As trading resumed after the U.S. Labor Day holiday, new economic data rekindled concerns about the economy’s health.
U.S. manufacturing data for August missed the forecast of 47.5, coming in at 47.2, slightly above July’s 46.8.
With a slew of economic reports due this week, including the monthly jobs report, investors will closely monitor these figures ahead of the Federal Reserve’s interest rate decision on September 18.
Odds favour a 25-basis-point cut, though some anticipate a larger 50-basis-point reduction.
The U.S. jobs report, due Friday, is expected to show an increase of 164,000 jobs in August, up from 114,000 in July.
Based on technical assessment, the Relative Strength Index (RSI) is negative, the Moving Average Convergence Divergence (MACD) holds a weak bias, and the Average Directional Index (ADX) indicates a ranging market.

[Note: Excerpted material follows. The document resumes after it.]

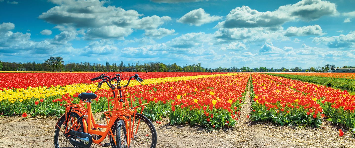 In Holland hat Fahrradfahren Kultstatus. Ganz Holland ist mit dem Fiets, wie das Fahrrad hier genannt wird, auf unzähligen Radwegen unterwegs. Entdecken Sie die herrliche Landschaft, historische Städte und Holland-Ikonen wie Windmühlen und Tulpenfelder mit dem Fahrrad. Sie erleben das schöne Tal der Vecht, die Polder, das Meer, die Seen und die Dünen der Nordseeküste. Das Venedig des Nordens - Amsterdam - heißt Sie mit 165 romantischen Grachten herzlich willkommen.

Although the gold market has weakened, the broader view is expected to remain bullish.
However, traders should monitor signals closely and adjust risk management strategies accordingly.
With the support intact at $2,488, the bullish bias may continue, aiming for resistance at $2,517-19.
A break above this level could lead to a $2,530-32 target and reassess positions from there. Beneath $2,488 views, the area of $2,458-62.